WORK TO COMPLETE. Print the data exactly as written, but leave out each picture.

INFORMATION PROVIDED.
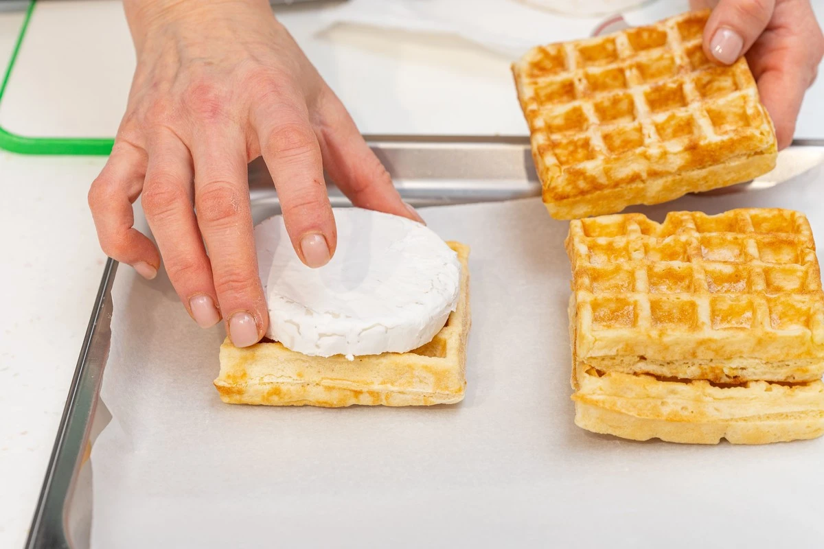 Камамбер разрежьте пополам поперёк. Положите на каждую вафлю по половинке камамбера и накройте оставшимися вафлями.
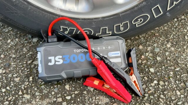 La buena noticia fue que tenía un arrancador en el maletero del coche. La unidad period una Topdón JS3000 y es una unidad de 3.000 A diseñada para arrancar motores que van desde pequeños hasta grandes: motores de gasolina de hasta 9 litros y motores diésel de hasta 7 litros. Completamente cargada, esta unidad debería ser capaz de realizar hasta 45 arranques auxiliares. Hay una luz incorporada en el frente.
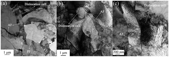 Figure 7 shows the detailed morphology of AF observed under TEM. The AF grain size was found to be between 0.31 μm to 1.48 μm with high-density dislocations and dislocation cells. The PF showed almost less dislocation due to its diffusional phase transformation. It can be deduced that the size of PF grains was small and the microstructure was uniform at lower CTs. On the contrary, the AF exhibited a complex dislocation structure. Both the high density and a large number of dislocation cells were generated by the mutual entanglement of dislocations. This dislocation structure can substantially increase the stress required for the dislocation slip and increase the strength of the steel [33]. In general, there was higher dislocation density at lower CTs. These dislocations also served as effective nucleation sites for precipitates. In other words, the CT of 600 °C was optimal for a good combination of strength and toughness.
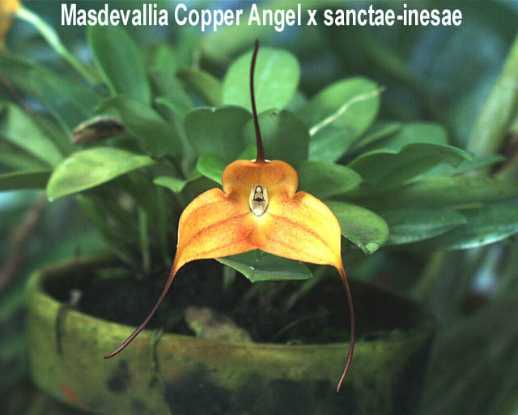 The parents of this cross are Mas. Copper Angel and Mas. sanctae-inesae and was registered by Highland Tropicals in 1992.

SOLUTION TO THE PROBLEM.
 Камамбер разрежьте пополам поперёк. Положите на каждую вафлю по половинке камамбера и накройте оставшимися вафлями.
 La buena noticia fue que tenía un arrancador en el maletero del coche. La unidad period una Topdón JS3000 y es una unidad de 3.000 A diseñada para arrancar motores que van desde pequeños hasta grandes: motores de gasolina de hasta 9 litros y motores diésel de hasta 7 litros. Completamente cargada, esta unidad debería ser capaz de realizar hasta 45 arranques auxiliares. Hay una luz incorporada en el frente.
 Figure 7 shows the detailed morphology of AF observed under TEM. The AF grain size was found to be between 0.31 μm to 1.48 μm with high-density dislocations and dislocation cells. The PF showed almost less dislocation due to its diffusional phase transformation. It can be deduced that the size of PF grains was small and the microstructure was uniform at lower CTs. On the contrary, the AF exhibited a complex dislocation structure. Both the high density and a large number of dislocation cells were generated by the mutual entanglement of dislocations. This dislocation structure can substantially increase the stress required for the dislocation slip and increase the strength of the steel [33]. In general, there was higher dislocation density at lower CTs. These dislocations also served as effective nucleation sites for precipitates. In other words, the CT of 600 °C was optimal for a good combination of strength and toughness.
 The parents of this cross are Mas. Copper Angel and Mas. sanctae-inesae and was registered by Highland Tropicals in 1992.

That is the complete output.